Tuesday, January 1, 2019

Submarine Earthquakes for Dummies

How a tsunami is formed
How tsunamis form
For the answer to the question supposedly answered by today's DotD nominee, one need only look at recent world news. The residents of Java, the world's most populous island, are only too aware of  the answer to "What Happens if There Is an Earthquake at the Bottom of the Ocean?" They know from first-hand experience that such seismic events can generate tsunamis. It's a safe bet, however, that they didn't extract the basics of their knowledge, from the Sciencing.com post written by Cornelus Postell.

What the heck, we cheerfully admit that Postell at least got the answer right, albeit redundantly:
"When earthquakes happen underwater, it can result in a tsunami wave."
We said "redundant" because tsunami means "harbor wave" in Japanese, so "tsunami wave" is (bilingually) redundant the same way "Rio Grande River" is redundant... not that permissive grammarians care (but we do). We didn't come here to complain about redundancy, though; we came here to gripe about scientific illiteracy and misinformation.

Here's some of what Cornelus tried to tell his readers:
  1. "Strike-slip, dip-slip and subduction are the three types of earthquakes."
  2. "Strike-slip eartquakes [sic] occur when the ocean floor moves back and forth."
  3. "Dip-slip earthquakes happen when the ocean floor moves up and down."
  4. "Subduction earthquakes form when plates of the earth's crust stack on top of one another."
  5. "On the ocean floor, the Earth's crust is a series of rock islands that are floating. These rock islands, or plates, are constantly shifting throughout time. These plates can eventually rub against, bump into or drift away from each other. "
  6. "An ocean floor earthquake happens when two plates push against each other and form a new underwater island."
  7. "An ocean earthquake commonly occurs between 200 and 1,000 years."
Ugh: we only made it about a third of the way through Postell's garbage before our geology specialists were all in the loo upchucking breakfast. One came back, however, to correct the crap Cornelus wrote – at least the seven stupidities listed above.
  1. Most geologist list four earthquake types: explosion, tectonic, collapse, and volcanic.
  2. Strike-slip is a sense of fault motion; one fault block moves sideways relative to the other.
  3. Dip-slip is also a sense of fault motion: one fault block moves vertically relative to the other.

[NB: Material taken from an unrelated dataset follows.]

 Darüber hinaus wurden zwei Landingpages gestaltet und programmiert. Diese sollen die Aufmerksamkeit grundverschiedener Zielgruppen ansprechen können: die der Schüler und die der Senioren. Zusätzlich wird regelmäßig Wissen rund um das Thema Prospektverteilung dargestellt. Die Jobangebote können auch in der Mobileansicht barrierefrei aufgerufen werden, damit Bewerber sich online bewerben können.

  4. Subduction is a type of tectonic plate interaction: one plate overrides the other, which slides downward into the mantle.

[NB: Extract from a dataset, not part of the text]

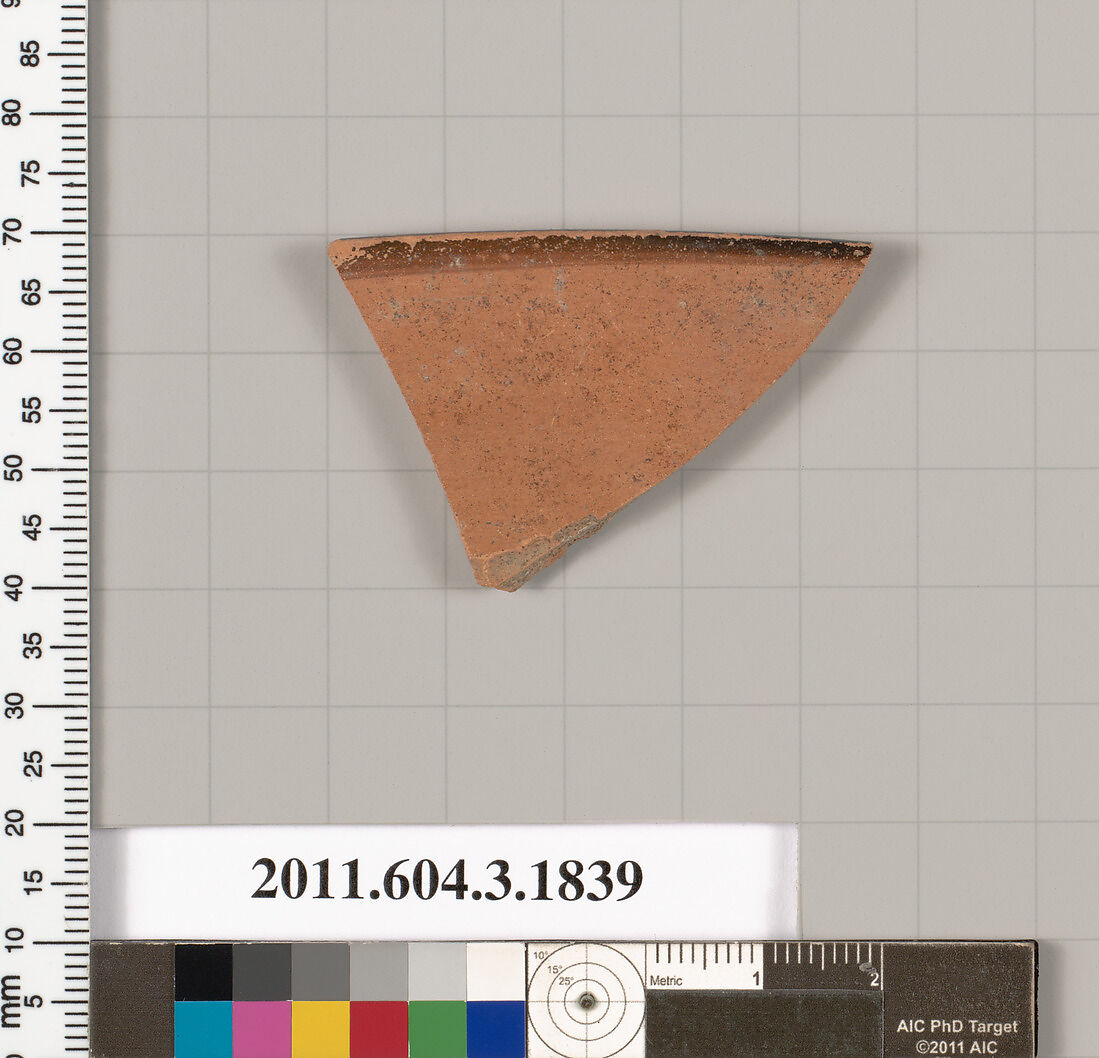 - Title: Terracotta fragment of a kylix: Lip cup (drinking cup)

  5. Oh, crap, that is such a bad description of tectonic plates that I think I need the emesis basin again.
  6. WTF is this "new underwater island" crap? How can it be an island if it's underwater?
  7. Heaven only knows what the moron was saying here...

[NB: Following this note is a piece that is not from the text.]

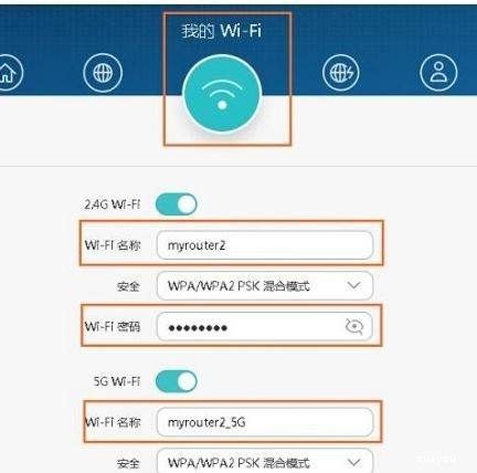 点击“我的Wi-Fi”选项后,可以分别设置2.4GWiFi名称、WiFi密码,5GWiFi名称、WiFi密码,如下图所示

Quite possibly the most moronic claim from Postell's article is that, "As [a] new island suddenly pops up, the force of this action creates a huge wave that travels great distances."
As we patrol the backwaters of the internet for Dumbass of the Day candidates during 2019, we are certain to look back on Postell's work as having set a low bar indeed for complete and total dumbassery. Congratulations, Cornelus, you are already the in the lead for Dumbass of the Year!